> **Problem to work on**: The line containing "1.Кто в 2008" marks the end; copy exactly all lines from the start of the material up to and including it.

> **Provided records**:
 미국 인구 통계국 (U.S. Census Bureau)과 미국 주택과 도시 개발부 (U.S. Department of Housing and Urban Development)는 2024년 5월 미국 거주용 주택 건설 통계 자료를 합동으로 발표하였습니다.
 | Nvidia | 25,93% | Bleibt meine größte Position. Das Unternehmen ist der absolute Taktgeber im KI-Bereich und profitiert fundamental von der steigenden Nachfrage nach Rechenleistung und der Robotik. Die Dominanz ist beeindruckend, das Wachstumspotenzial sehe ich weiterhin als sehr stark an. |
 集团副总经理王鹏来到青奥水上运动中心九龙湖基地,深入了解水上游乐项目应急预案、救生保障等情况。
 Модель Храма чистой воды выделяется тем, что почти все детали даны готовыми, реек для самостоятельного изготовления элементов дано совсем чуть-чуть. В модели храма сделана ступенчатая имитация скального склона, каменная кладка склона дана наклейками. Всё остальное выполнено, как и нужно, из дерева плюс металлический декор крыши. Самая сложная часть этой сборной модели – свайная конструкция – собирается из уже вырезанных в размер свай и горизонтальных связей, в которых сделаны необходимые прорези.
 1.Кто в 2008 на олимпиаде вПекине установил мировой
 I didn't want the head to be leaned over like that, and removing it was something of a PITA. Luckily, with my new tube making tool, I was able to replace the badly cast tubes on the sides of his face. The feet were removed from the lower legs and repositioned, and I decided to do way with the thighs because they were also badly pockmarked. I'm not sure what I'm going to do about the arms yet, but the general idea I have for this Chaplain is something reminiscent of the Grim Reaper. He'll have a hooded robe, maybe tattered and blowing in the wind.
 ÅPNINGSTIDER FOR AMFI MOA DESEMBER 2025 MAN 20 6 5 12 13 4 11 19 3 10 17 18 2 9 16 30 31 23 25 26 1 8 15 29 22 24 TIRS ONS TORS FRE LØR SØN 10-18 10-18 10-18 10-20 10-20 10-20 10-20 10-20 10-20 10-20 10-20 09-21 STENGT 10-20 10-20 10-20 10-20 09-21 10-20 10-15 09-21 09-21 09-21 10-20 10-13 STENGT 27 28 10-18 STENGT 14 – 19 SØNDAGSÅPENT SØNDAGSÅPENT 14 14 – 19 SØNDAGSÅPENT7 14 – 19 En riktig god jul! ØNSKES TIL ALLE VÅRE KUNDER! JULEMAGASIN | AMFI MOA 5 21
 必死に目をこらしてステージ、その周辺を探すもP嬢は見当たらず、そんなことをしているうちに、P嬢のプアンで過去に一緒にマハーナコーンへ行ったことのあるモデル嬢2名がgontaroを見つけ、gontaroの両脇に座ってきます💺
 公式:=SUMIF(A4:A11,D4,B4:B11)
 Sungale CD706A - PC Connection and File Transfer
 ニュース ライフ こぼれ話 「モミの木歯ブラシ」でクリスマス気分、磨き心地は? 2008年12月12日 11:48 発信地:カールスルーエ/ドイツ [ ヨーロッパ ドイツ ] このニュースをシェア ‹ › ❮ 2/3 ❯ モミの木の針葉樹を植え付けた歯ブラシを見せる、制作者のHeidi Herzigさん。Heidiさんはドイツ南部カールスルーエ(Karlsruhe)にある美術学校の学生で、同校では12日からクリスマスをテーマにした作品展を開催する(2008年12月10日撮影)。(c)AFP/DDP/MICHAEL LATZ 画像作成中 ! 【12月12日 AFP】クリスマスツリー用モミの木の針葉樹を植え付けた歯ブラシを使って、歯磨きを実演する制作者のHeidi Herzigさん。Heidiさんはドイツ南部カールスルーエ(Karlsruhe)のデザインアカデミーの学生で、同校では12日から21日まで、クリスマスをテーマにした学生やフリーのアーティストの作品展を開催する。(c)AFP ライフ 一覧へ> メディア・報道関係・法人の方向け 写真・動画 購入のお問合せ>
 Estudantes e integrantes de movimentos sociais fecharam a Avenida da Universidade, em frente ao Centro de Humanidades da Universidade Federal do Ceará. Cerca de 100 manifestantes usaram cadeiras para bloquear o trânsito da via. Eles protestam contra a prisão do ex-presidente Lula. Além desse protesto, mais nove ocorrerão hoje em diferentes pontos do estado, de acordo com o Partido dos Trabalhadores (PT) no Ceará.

> **Solution to this problem**:
 미국 인구 통계국 (U.S. Census Bureau)과 미국 주택과 도시 개발부 (U.S. Department of Housing and Urban Development)는 2024년 5월 미국 거주용 주택 건설 통계 자료를 합동으로 발표하였습니다.
 | Nvidia | 25,93% | Bleibt meine größte Position. Das Unternehmen ist der absolute Taktgeber im KI-Bereich und profitiert fundamental von der steigenden Nachfrage nach Rechenleistung und der Robotik. Die Dominanz ist beeindruckend, das Wachstumspotenzial sehe ich weiterhin als sehr stark an. |
 集团副总经理王鹏来到青奥水上运动中心九龙湖基地,深入了解水上游乐项目应急预案、救生保障等情况。
 Модель Храма чистой воды выделяется тем, что почти все детали даны готовыми, реек для самостоятельного изготовления элементов дано совсем чуть-чуть. В модели храма сделана ступенчатая имитация скального склона, каменная кладка склона дана наклейками. Всё остальное выполнено, как и нужно, из дерева плюс металлический декор крыши. Самая сложная часть этой сборной модели – свайная конструкция – собирается из уже вырезанных в размер свай и горизонтальных связей, в которых сделаны необходимые прорези.
 1.Кто в 2008 на олимпиаде вПекине установил мировой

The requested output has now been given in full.